The business objective of Axiogenesis lies in the area of pre-clinical (red) biotechnology, specifically in the production of stem cell-based assays that enable drug development. These innovative and proprietary assays accelerate and improve drug candidate selection, lower costs and thus increase overall drug development efficiency. At present the main focus is heart muscle disease (cardiomyopathy).

Since early 2008, the first products of Axiogenesis have been actively marketed and are already generating significant turnovers.

This range of products has been further developed during the last months employing groundbreaking human induced Pluripotent Stem cell (iPS) technology. Through in-house development of human iPS technology, the next product generation of murine embryonic stem cells will be complemented with human stem cell-derived tissues.

With this technology it is possible to reverse-differentiate (or de-differentiate) adult human cells (e.g., skin or blood cells) to an artificial embryonic state. Using proprietary technology, Axiogenesis then forward-differentiates these into pure organ specific cells and defined tissues. Proof of concept of this two-step method was established in-house during November 2008. The first human, organ-specific iPS cells will be available for sale by the end of 2011.

A range of tissue models (including heart, liver and nerve) will be produced through the proliferation and differentiation of genetically modified stem cells. These are used to test efficacy and potential adverse side effects of drug candidates.
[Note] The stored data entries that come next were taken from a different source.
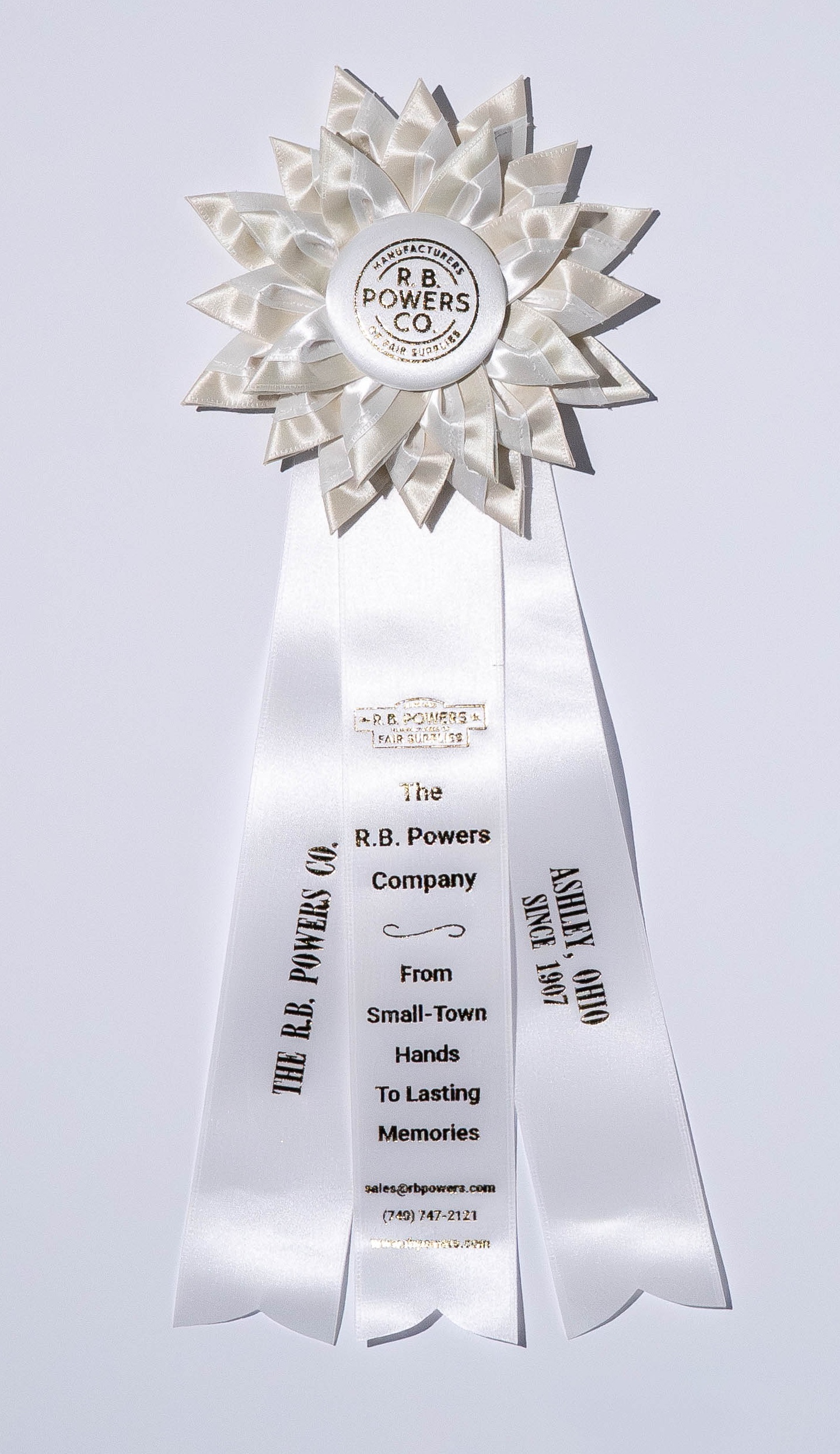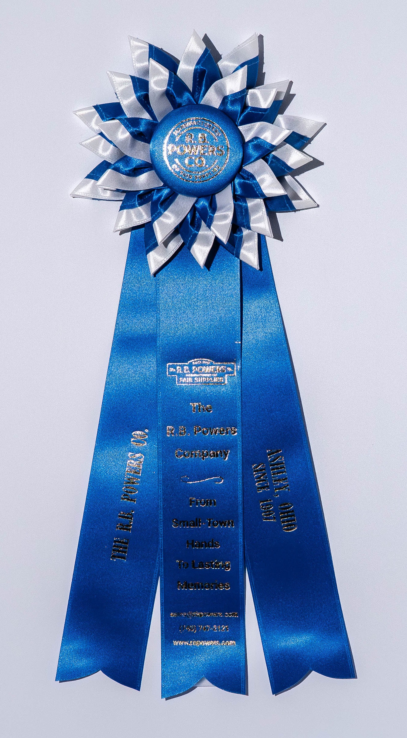 Custom rosette with 6″ rosette head and three 2″ x 12″ streamers. The rosette head has three rows of striped petals surrounding the center button. Total length is 16.5 inches. Your logo (or stock logo of your choice) is printed in the center button.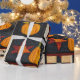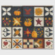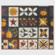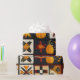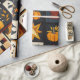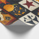 This wrapping paper features a quilt-inspired patchwork pattern arranged in a grid of dark and light squares. Each block highlights unique motifs, from appliquéd pumpkins, autumn leaves, and birds to geometric piecing such as stars, pinwheels, and chequerboard designs. Rendered in warm fall shades of orange, red, yellow, and brown against contrasting cream and dark blue backgrounds, it captures the cosy charm of handmade quilting. Perfect for rustic farmhouse décor, harvest season crafts, and primitive folk art enthusiasts who love autumn style.
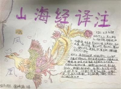 在分享了《山海经》的阅读感受,介绍书中奇人异兽的故事,了解了与《山海经》相关的动漫、电影,以及华为公司几乎将《山海经》中所有神人异兽的名字都注册下来做商标的真实案例后,孩子们对这部中国古典神话更加着迷了。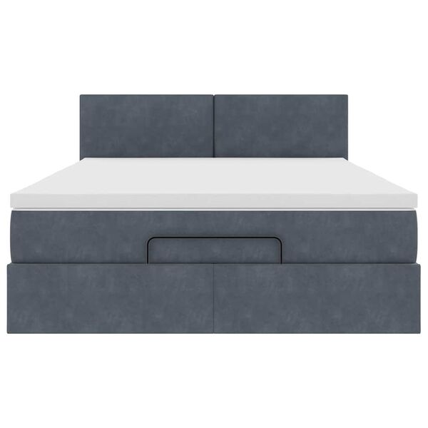 Dark Grey Velvet Ottoman Bed with LEDs & Mattress Queen Size Comfort
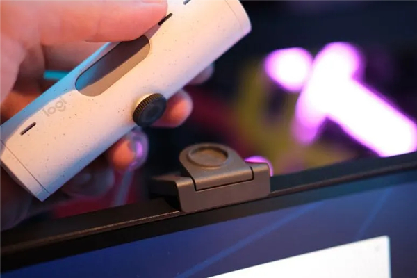 最后,Brio 500 有一个有趣的磁化显示器安装机制。它由两部分组成。有一个标准的塑料支架,设计用于像平常一样夹在显示器的顶部,然后网络摄像头本身通过磁性连接到这个塑料支架上。这种设计意味着您可以选择将网络摄像头旋转 360 度。如果您不喜欢磁铁,则可以从网络摄像头底部拧下磁性支架,露出标准三脚架支架。

Increased drug development efficiency, with the use of Axiogenesis technology, is achieved through:

  • Earlier selections against drug candidates that will have high adverse side affects or do not have a therapeutic effect.
  • Early selection and fast tracking of drug candidates with high efficacy and low side effects.
  • Partial substitution of costly animal studies.
  • Reduction of the time taken for preclinical studies.
  • Extension of marketing exclusivity gained through a shorter drug development cycle, resulting in a longer time from market authorization until patent protection is lost.

Furthermore the system lends itself to product line extension through rapid testing of side effect profiles and improvements in efficacy of modified compounds or through the identification of novel indications of existing active pharmaceutical ingredients (APIs).